-- DATASET CONTENT follows --
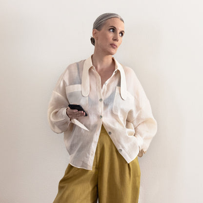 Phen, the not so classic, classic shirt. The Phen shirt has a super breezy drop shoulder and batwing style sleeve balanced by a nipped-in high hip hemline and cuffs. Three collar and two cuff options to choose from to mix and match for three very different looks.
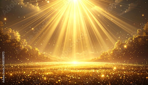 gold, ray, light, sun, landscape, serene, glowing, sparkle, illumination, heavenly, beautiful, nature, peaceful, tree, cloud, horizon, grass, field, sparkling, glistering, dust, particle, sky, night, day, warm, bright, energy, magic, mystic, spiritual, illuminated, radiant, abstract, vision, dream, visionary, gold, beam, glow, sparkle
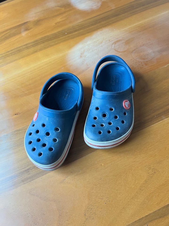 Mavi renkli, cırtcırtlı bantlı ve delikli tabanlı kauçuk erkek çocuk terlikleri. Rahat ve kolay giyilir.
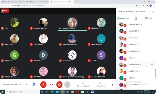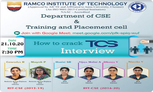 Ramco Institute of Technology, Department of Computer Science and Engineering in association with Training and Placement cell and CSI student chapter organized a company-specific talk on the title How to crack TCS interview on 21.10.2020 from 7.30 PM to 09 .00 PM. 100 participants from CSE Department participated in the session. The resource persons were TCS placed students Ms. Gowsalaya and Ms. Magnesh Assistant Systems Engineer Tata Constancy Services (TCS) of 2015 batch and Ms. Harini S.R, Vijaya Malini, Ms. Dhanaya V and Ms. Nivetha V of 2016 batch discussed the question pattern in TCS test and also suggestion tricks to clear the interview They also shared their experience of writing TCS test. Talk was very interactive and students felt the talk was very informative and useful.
-- DATASET CONTENT concluded --
TASK BRIEF: Omit each picture, then return all of the listing exactly as it stands.

COMPLETED TASK:
 Phen, the not so classic, classic shirt. The Phen shirt has a super breezy drop shoulder and batwing style sleeve balanced by a nipped-in high hip hemline and cuffs. Three collar and two cuff options to choose from to mix and match for three very different looks.
 gold, ray, light, sun, landscape, serene, glowing, sparkle, illumination, heavenly, beautiful, nature, peaceful, tree, cloud, horizon, grass, field, sparkling, glistering, dust, particle, sky, night, day, warm, bright, energy, magic, mystic, spiritual, illuminated, radiant, abstract, vision, dream, visionary, gold, beam, glow, sparkle
 Mavi renkli, cırtcırtlı bantlı ve delikli tabanlı kauçuk erkek çocuk terlikleri. Rahat ve kolay giyilir.
 Ramco Institute of Technology, Department of Computer Science and Engineering in association with Training and Placement cell and CSI student chapter organized a company-specific talk on the title How to crack TCS interview on 21.10.2020 from 7.30 PM to 09 .00 PM. 100 participants from CSE Department participated in the session. The resource persons were TCS placed students Ms. Gowsalaya and Ms. Magnesh Assistant Systems Engineer Tata Constancy Services (TCS) of 2015 batch and Ms. Harini S.R, Vijaya Malini, Ms. Dhanaya V and Ms. Nivetha V of 2016 batch discussed the question pattern in TCS test and also suggestion tricks to clear the interview They also shared their experience of writing TCS test. Talk was very interactive and students felt the talk was very informative and useful.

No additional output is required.